**Instructions for the task**
Down to the last line, print the data that follows exactly, without its pictures.

**Dataset content**
---------------

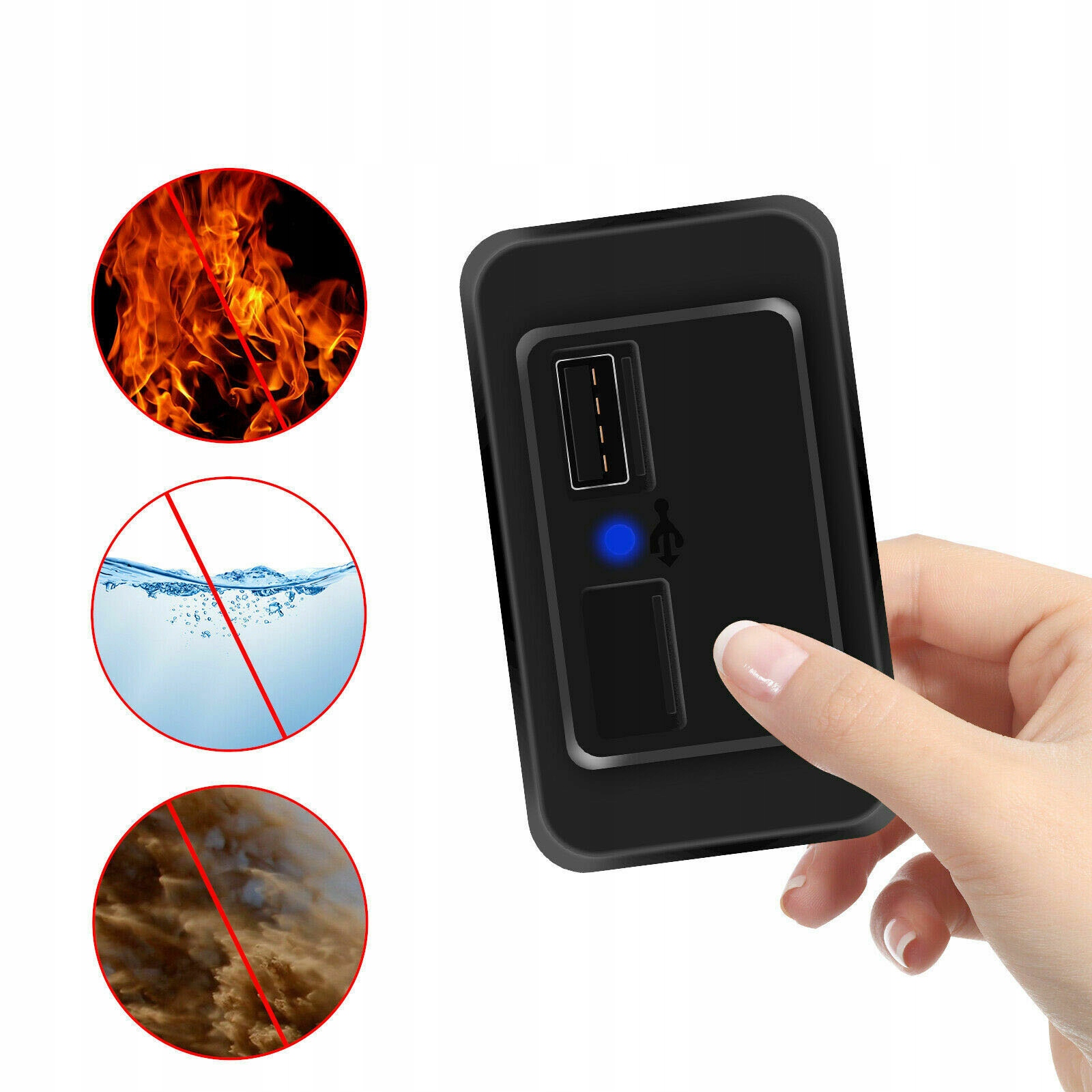 - водонепроникний і пилонепроникний: оснащений подвійною USB-кришкою, з водонепроникною і пилонепроникною кришкою, повністю адаптованою для зовнішнього використання.е>
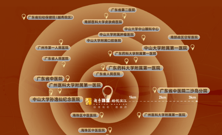 享受广医一院二院,孙逸仙纪念医院、广州市十字会医院等号称“五分钟生命线”的老城医疗保障。同时3km范围可速达海珠、越秀多个重点医疗配套。
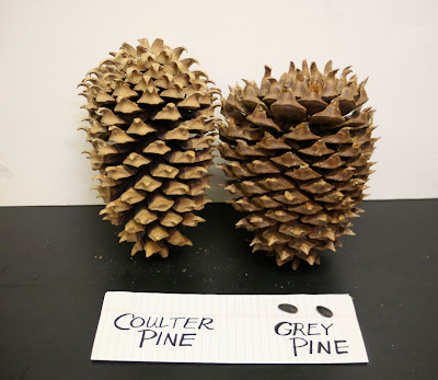 P. sabiniana (left) is wider and rounder. P. coulteri (right) is narrower. Both can be enormous! Notice also that the Coulter Pine's cone scale tips are lighter in color than the interior portion of the cone scale, compared to the Grey Pine's darker cone scale tips.

---------------

**Solution below**
 - водонепроникний і пилонепроникний: оснащений подвійною USB-кришкою, з водонепроникною і пилонепроникною кришкою, повністю адаптованою для зовнішнього використання.е>
 享受广医一院二院,孙逸仙纪念医院、广州市十字会医院等号称“五分钟生命线”的老城医疗保障。同时3km范围可速达海珠、越秀多个重点医疗配套。
 P. sabiniana (left) is wider and rounder. P. coulteri (right) is narrower. Both can be enormous! Notice also that the Coulter Pine's cone scale tips are lighter in color than the interior portion of the cone scale, compared to the Grey Pine's darker cone scale tips.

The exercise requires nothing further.